Large corporations, often involved in multiple suits, can see legal budgets bloat. Alan Muldawer, general counsel for French transportation conglomerate Transdev’s North American subsidiary, said he is dismayed by the extended litigation schedule in Los Angeles. For instance, it took his firm nearly three years to win a summary judgment award in a $132.5 million dispute with insurer Lloyd’s of London in the wake of a 2008 Metrolink commuter train crash in Chatsworth, which regulators said was caused by one of the company’s train operators.

“Due to the extreme case load and obvious shortage of resources the court faces, the ability to schedule hearings and to reach a point where the case could be resolved was significantly delayed, prolonging the litigation and adding greatly to the cost of defending it,” Muldawer said in an email.
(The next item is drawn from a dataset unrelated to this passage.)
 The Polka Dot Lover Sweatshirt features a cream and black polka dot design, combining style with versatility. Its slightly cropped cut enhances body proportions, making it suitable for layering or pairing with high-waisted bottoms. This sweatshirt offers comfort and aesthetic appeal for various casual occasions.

Even Presiding Judge Carolyn Kuhl acknowledged there is a problem, noting it can take up to eight months for a simple calendar hearing to take place. However, she said there isn’t much to be done about it without funding increases.

Funding for the courts plummeted in the wake of the state’s budget crisis. Contributions went from $662 million in fiscal year 2010-11 to $507 million in 2011-12 and bottomed out in 2012-13 at $407 million. As the California economy has rebounded, these numbers have been bumped back up, with the latest budget figures available showing the court received $485 million from state coffers in 2014-15.
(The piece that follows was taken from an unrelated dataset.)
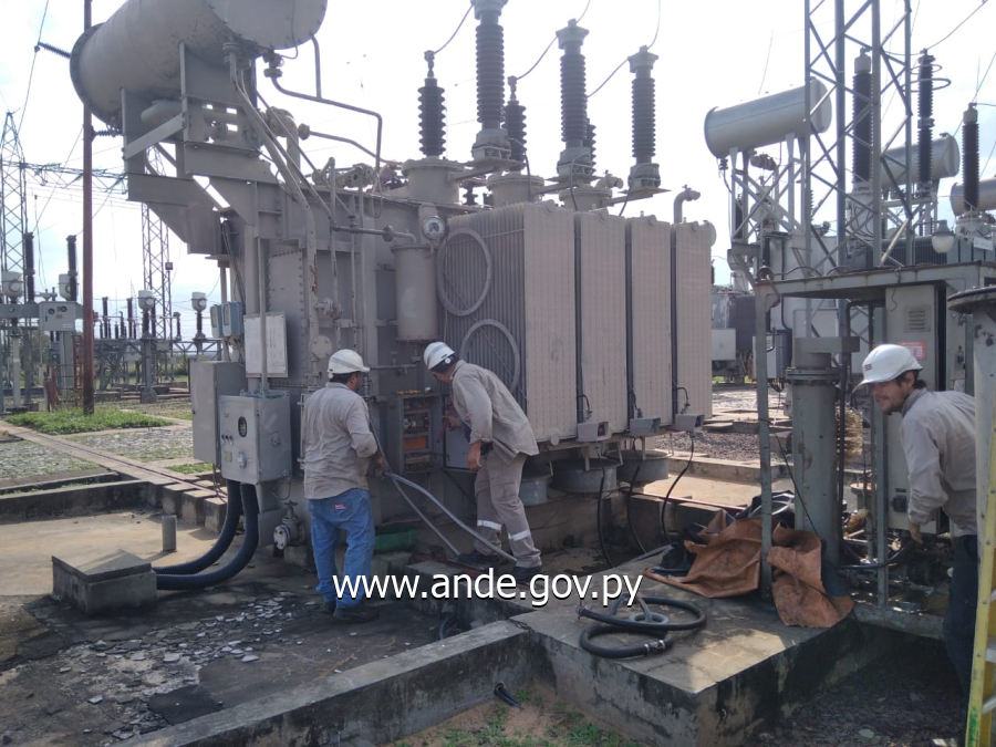 En el marco de las mejoras continuas a través de mantenimiento de equipos de potencia en subestaciones del sistema metropolitano, funcionarios de la Administración Nacional de Electricidad realizaron el mantenimiento preventivo de los equipos de transmisión en la subestación Guarambaré, en donde fue efectuando la instalación del sistema de enfriamiento en compensador de reactivos, el mantenimiento de un transformador de potencia para su óptimo funcionamiento, así como trabajos previos para la repotenciación con la desestiba del transformador de 220/23 kV y 42 MVA, en una nueva posición que se encuentra en adecuación.

“What we need is additional funds in order to open more courtrooms and to get the backlog of cases taken care of,” Kuhl said.

New court order

The impetus behind the plan, according to Kuhl, came partly from the court’s experience with complex litigation and so-called coordinated proceedings. Starting decades ago, court administrators realized the influx of a particularly popular type of litigation – the most infamous being asbestos cases – could overwhelm the system. So single-issue courts were created to deal with the problem. Hubs, which are broader in scope, were the next iteration.

Despite the headaches created by the sluggish time line, Kuhl and attorneys practicing regularly in the hubs said the system has worked well. Early on, hub courts received some initial criticism from community activists who complained it destroyed the neighborhood court system, but litigators have since realized the hubs create uniformity that wouldn’t otherwise exist. And that, according to Curt Cutting of Encino’s Horvitz & Levy, is a byproduct carried over from single-issue courts.

“If you know what the rules are going to be on the issues, it makes it much easier to resolve disputes,” he said.

In all, six different case types have been consolidated into these streamlined courts: Small claims, limited-jurisdiction collection, and unlawful detainer cases have been consolidated at regional hubs located in several courthouses around Los Angeles County. General personal injury, limited civil, and probate cases have all been moved exclusively to downtown L.A.’s Stanley Mosk Courthouse.

“We won’t ever go back to the structure we had previously,” Kuhl said. “Having expert staff and expert judicial officers address specific case needs has efficiencies that we would probably try and maintain even if we were (able to open more courtrooms).”